▸ WHAT YOU HAVE TO DO
Return every entry below word for word and leave out any picture.

▸ LISTED RECORDS
══════════════════════════════
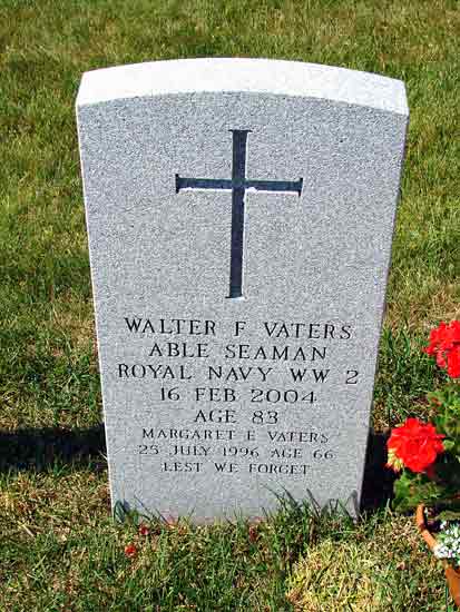 | Walter F. Vaters Able Seaman - Royal Navy WW II 16 Feb 2004 Age 83 Margaret E. Vaters 25 Jul 1996 Age 66 Lest We Forget |
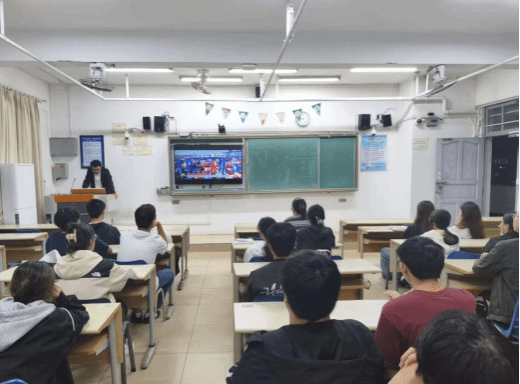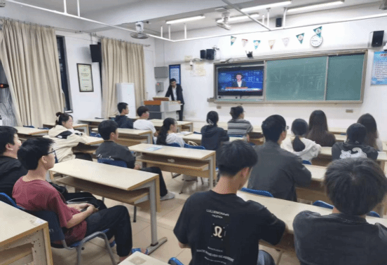 国际智能学院充分发挥“外语+智能”的专业优势,在活动中增添了独特的学院印记。选取了英文国际媒体对中国发展规划的报道片段作为补充观看材料,引导学生从国际视角理解“十五五”的世界意义。
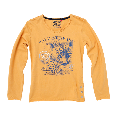 Cooles Langarm-Shirt von Vingino in einem schönen gelbton mit V-Ausschnitt, großem Front-Print und links mit seitlicher Knopfleiste - 3 Knöpfe.
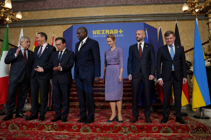 Italy's Foreign Minister Antonio Tajani, Poland's Foreign Minister Radoslaw Sikorski, Spain's Foreign Minister Jose Manuel Albares Bueno, British Foreign Secretary David Lammy, European Union High Representative for Foreign Affairs and Security Policy Kaja Kallas, French Junior Minister for Europe Benjamin Haddad, and Germany's Foreign Minister Johann Wadephul stand for a group, Credit:Carlos Jasso / Avalon
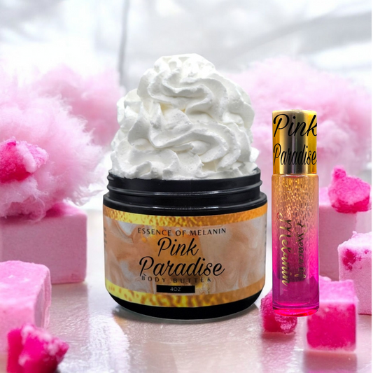 Pink Paradise Body Butter and Roll-On Set. Notes of caramel, raspberry, and musk. This selection...
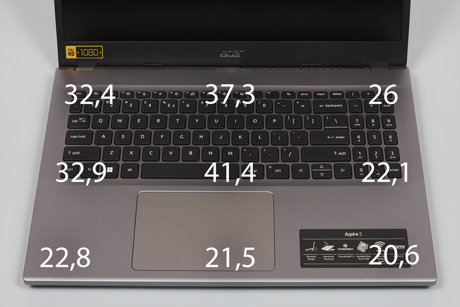 Клавіатура острівного типу з цифровим блоком, що оцінять люди, які працюють з великою купою даних. На відміну від старих ноутбуків Aspire вона не знаходиться в улоговині, а плавно перетікає до основи корпусу з боків. Підсвітки не передбачено, що трохи дивно, адже в Aspire 5 вона колись була.
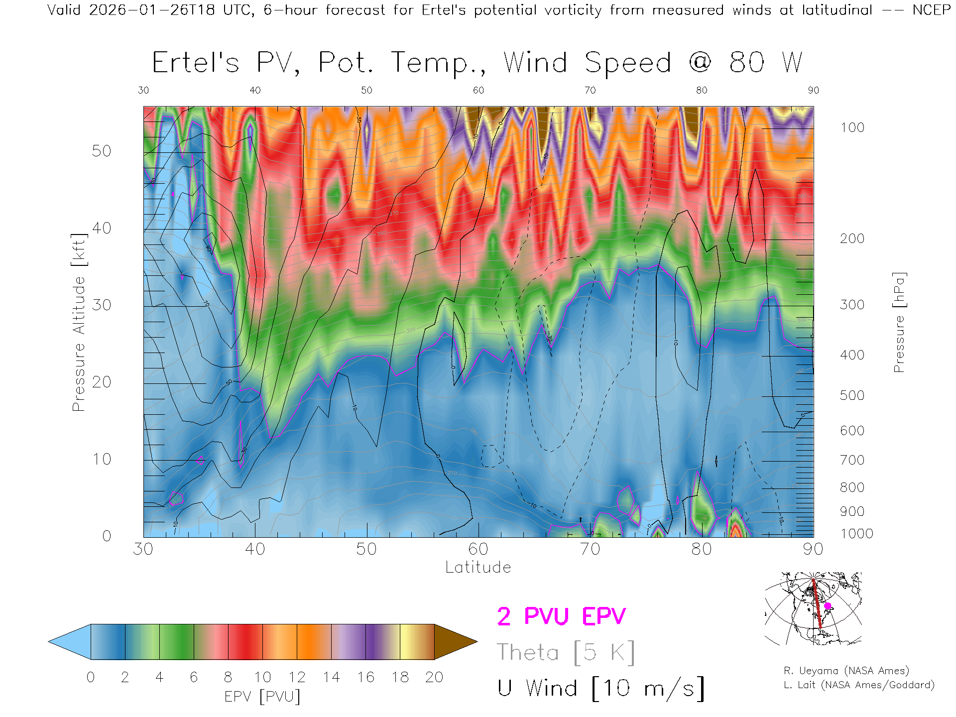 NCEP GFS Forecast PV X-Section (80 W)
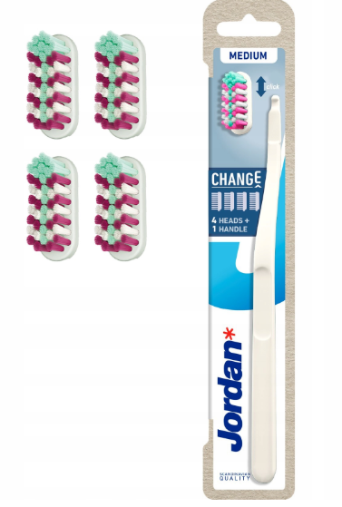 Jordan Change Medium Średnia – Szczoteczka + 4 wymienne końcówki (zapas)
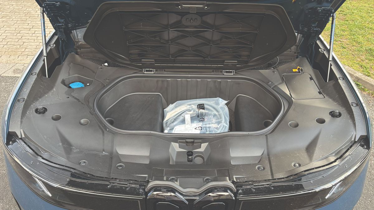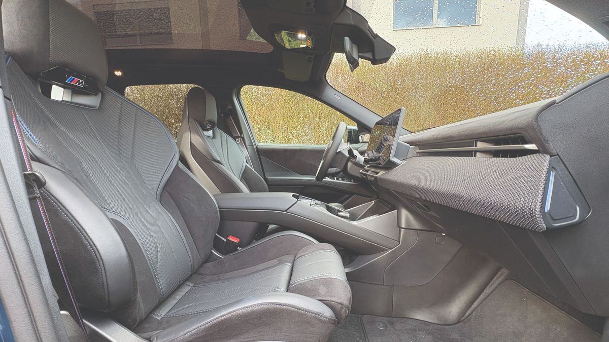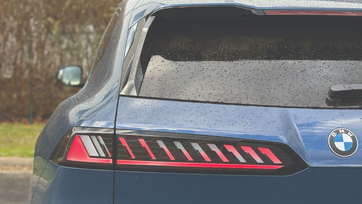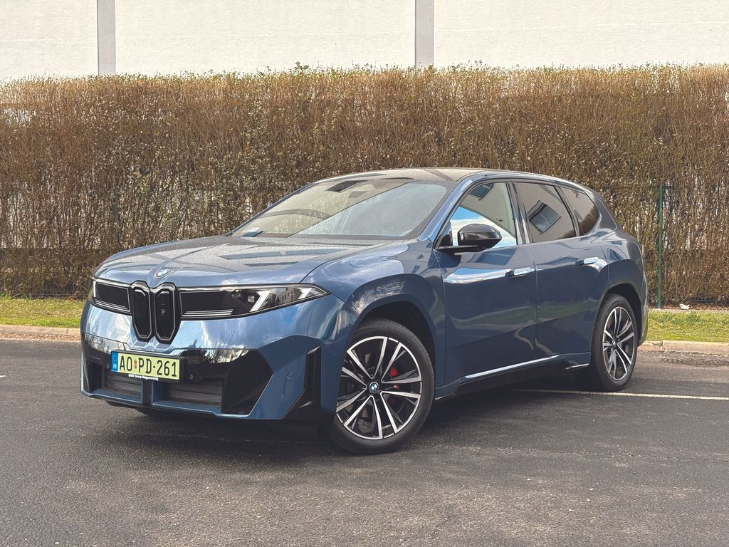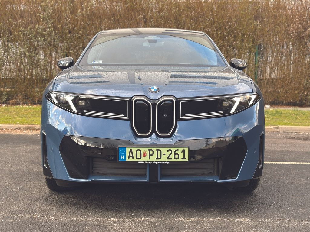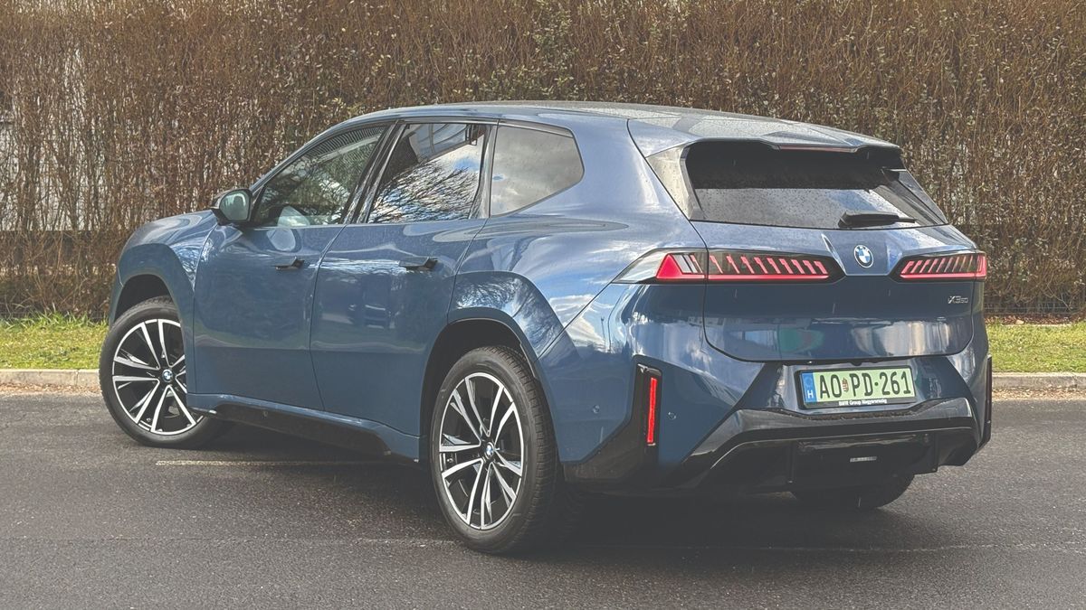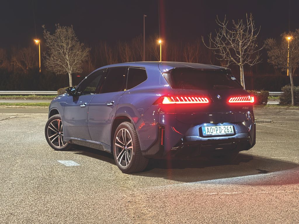 Élőben messze nem olyan ügyetlen a forma, mint elsőre gondoltam, nehezen tudtam levenni róla a szemem, és ezzel az utca embere is így volt. Rengeteg apró részletét meg lehet szeretni, mostanra pedig már kifejezetten teszik. Alig két centi híján 4,8 méteres, vagyis középkategóriás SUV létére jó nagy autó. Szerencsére itt nincsenek eltúlzott, földig érő BMW-vesék, de nagyon karakteres az orra, különösen nyitás után, ahogy az Iconic Glow nevű kontúrok világítása bekapcsol. Külön izgalmas az M Sport Pro csomaghoz járó üléseken nyakmagasságban található kis M logó, ami szintén világít, de a hátsó lámpák veséket imitáló formai játéka is feltűnő. A mára már unalomig ismert LED-csíktól eltekintettek a német mérnökök, üdítő kivétel a hagyományos lámpatestek újragondolása.
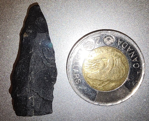 And a walk along the lake at Balfour, looking for arrowheads. An hour, a few bits of debitage, then this:
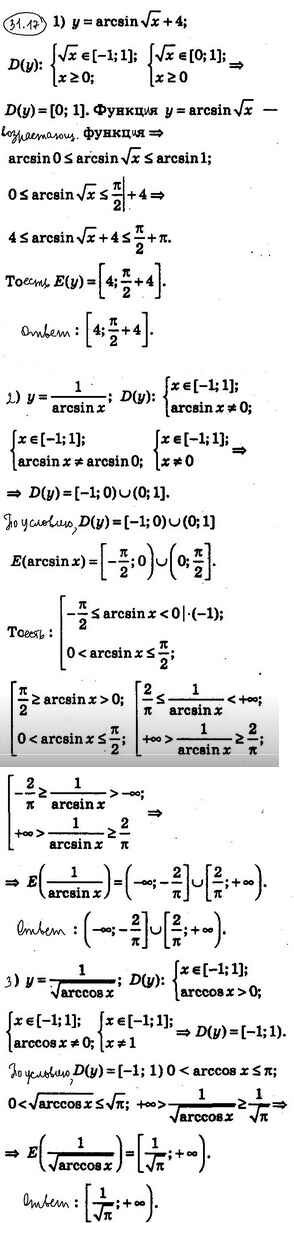 Готовая домашняя работа с ответами по Алгебре за 10 класс Мерзляк, Номировский, Поляков Учебник Алгоритм успеха Углубленный уровень Вентана-граф 2019 ФГОС - §31. Функции у = arccosx, y = arcsinx, у = arctgx и у = arcctgx 31.17
══════════════════════════════
▸ SOLUTION FOR THIS PROBLEM
 | Walter F. Vaters Able Seaman - Royal Navy WW II 16 Feb 2004 Age 83 Margaret E. Vaters 25 Jul 1996 Age 66 Lest We Forget |
 国际智能学院充分发挥“外语+智能”的专业优势,在活动中增添了独特的学院印记。选取了英文国际媒体对中国发展规划的报道片段作为补充观看材料,引导学生从国际视角理解“十五五”的世界意义。
 Cooles Langarm-Shirt von Vingino in einem schönen gelbton mit V-Ausschnitt, großem Front-Print und links mit seitlicher Knopfleiste - 3 Knöpfe.
 Italy's Foreign Minister Antonio Tajani, Poland's Foreign Minister Radoslaw Sikorski, Spain's Foreign Minister Jose Manuel Albares Bueno, British Foreign Secretary David Lammy, European Union High Representative for Foreign Affairs and Security Policy Kaja Kallas, French Junior Minister for Europe Benjamin Haddad, and Germany's Foreign Minister Johann Wadephul stand for a group, Credit:Carlos Jasso / Avalon
 Pink Paradise Body Butter and Roll-On Set. Notes of caramel, raspberry, and musk. This selection...
 Клавіатура острівного типу з цифровим блоком, що оцінять люди, які працюють з великою купою даних. На відміну від старих ноутбуків Aspire вона не знаходиться в улоговині, а плавно перетікає до основи корпусу з боків. Підсвітки не передбачено, що трохи дивно, адже в Aspire 5 вона колись була.
 NCEP GFS Forecast PV X-Section (80 W)
 Jordan Change Medium Średnia – Szczoteczka + 4 wymienne końcówki (zapas)
 Élőben messze nem olyan ügyetlen a forma, mint elsőre gondoltam, nehezen tudtam levenni róla a szemem, és ezzel az utca embere is így volt. Rengeteg apró részletét meg lehet szeretni, mostanra pedig már kifejezetten teszik. Alig két centi híján 4,8 méteres, vagyis középkategóriás SUV létére jó nagy autó. Szerencsére itt nincsenek eltúlzott, földig érő BMW-vesék, de nagyon karakteres az orra, különösen nyitás után, ahogy az Iconic Glow nevű kontúrok világítása bekapcsol. Külön izgalmas az M Sport Pro csomaghoz járó üléseken nyakmagasságban található kis M logó, ami szintén világít, de a hátsó lámpák veséket imitáló formai játéka is feltűnő. A mára már unalomig ismert LED-csíktól eltekintettek a német mérnökök, üdítő kivétel a hagyományos lámpatestek újragondolása.
 And a walk along the lake at Balfour, looking for arrowheads. An hour, a few bits of debitage, then this:
 Готовая домашняя работа с ответами по Алгебре за 10 класс Мерзляк, Номировский, Поляков Учебник Алгоритм успеха Углубленный уровень Вентана-граф 2019 ФГОС - §31. Функции у = arccosx, y = arcsinx, у = arctgx и у = arcctgx 31.17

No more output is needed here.